About this exercise | When you reach the line containing "07 Indoor bowls club viert 25-jarig jubileum", start transcribing exactly and continue through the last line of the data, skipping every picture.

Raw data |
*** Block opens ***

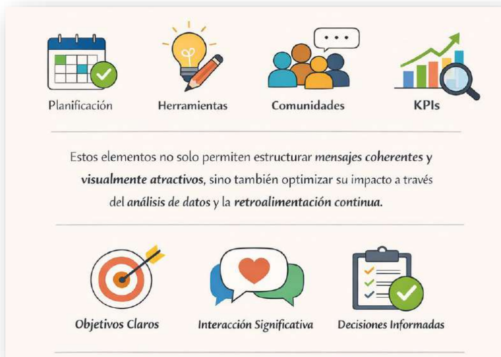
Figura 21. Resumen de capítulo. Nota: elaborado por el autor con IA (2026)

Asimismo, se evidencia que el éxito en entornos digitales no depende únicamente de la creatividad, sino de la capacidad para articular estrategias basadas en objetivos claros, interacción significativa con las audiencias y toma de decisiones informadas, consolidando así una comunicación efectiva, sostenible y alineada con las dinámicas del ecosistema digital contemporáneo
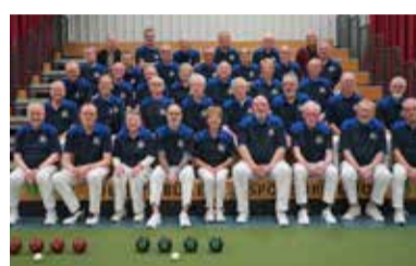
07 Indoor bowls club viert 25-jarig jubileum
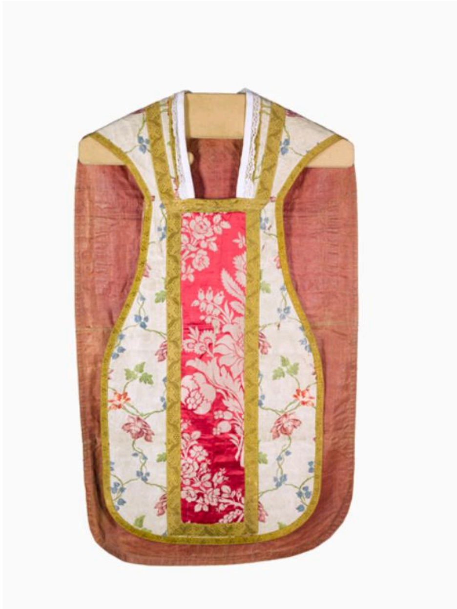
Vue du devant de la chasuble

*** Block closes ***

Output for this exercise |
07 Indoor bowls club viert 25-jarig jubileum
Vue du devant de la chasuble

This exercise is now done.